The primary consideration in determining the type and size of coupling and drive shafts is whether the shafts selected are adequate to transmit the horsepower required, including any overload. Normally, cold-rolled shafts are adequate. However, high-tensile shafts may be required due to torque limitations. Also, stainless steel shafts may be necessary when corrosive or contaminable materials are to be handled. Conveyors equipped with non-lubricated iron hanger bearings require hardened coupling shafts, and hard-surfaced hanger bearings require hard-surfaced shafts. Specific shaft size determination is covered in the Torque Capacities Section.

Shaft Seals

Several conveyor end seal types are available to prevent contamination of the conveyed material or to prevent the escaped of material from the system.
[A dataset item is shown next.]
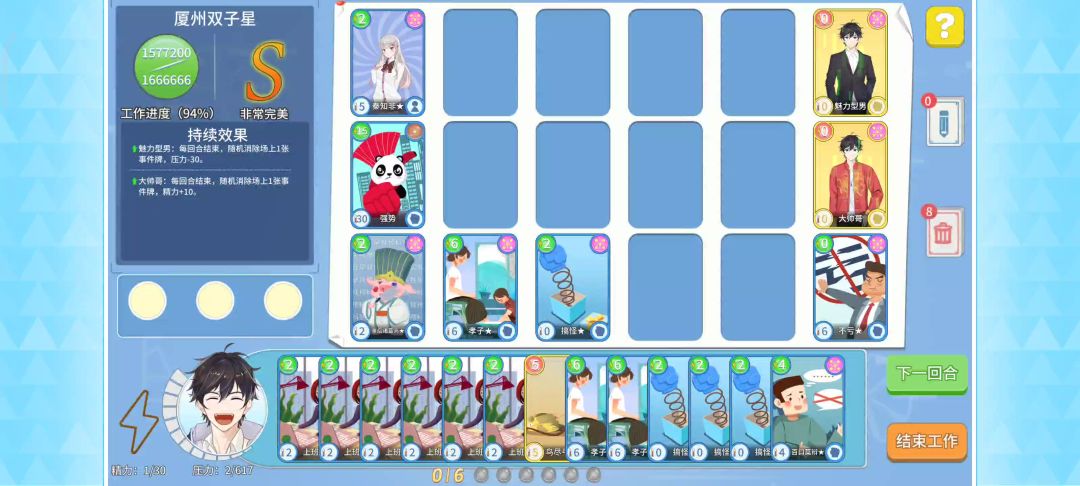 第一次玩这款游戏,应该有比我快多了的组牌法(毕竟一个回合才攻略2%,用一次就不想用第二次了),但还是想记录下给大家个参考[表情_羞涩] 核心就是利用强势过回合然后鸟尽弓藏和事后诸葛亮反复拿牌,其他的牌就是用来凑进度、攒精力、减压力的,个人感觉应该这套牌组可以应对一切情况(毕竟事故回合出不了#牌)[表情_送花]#职场浮生记攻略 #职场浮生记

Hanger Bearings – The purpose of hanger bearings is to provide intermediate support when multiple screw sections are used. Hanger bearings are designed primarily for radial loads. Adequate clearance should be allowed between the bearings and the conveyor pipe ends to prevent damage by the thrust load which is transmitted through the conveyor pipe.

The hanger bearing recommendations listed in the Component Series Table are generally adequate for the material to be handled. Often, however, unusual characteristics of the material or the conditions under which the conveyor must operate make it desirable to use special bearing materials. A list of available special bearing materials is provided in this section. For specific recommendations regarding the use of special bearing materials, consult Kase’s Engineering Department.

End Bearings – Several end bearing types are available, and their selection depends on two basic factors: Radial load and thrust load. The relative values of these loads determines end bearing types.

Radial load is negligible at the conveyor tail shaft. However, drive ends (unless integrated with the conveyor end plate) are subject to radial loading due to overhung drive loads, such as chain sprockets or shaft-mounted speed reducers.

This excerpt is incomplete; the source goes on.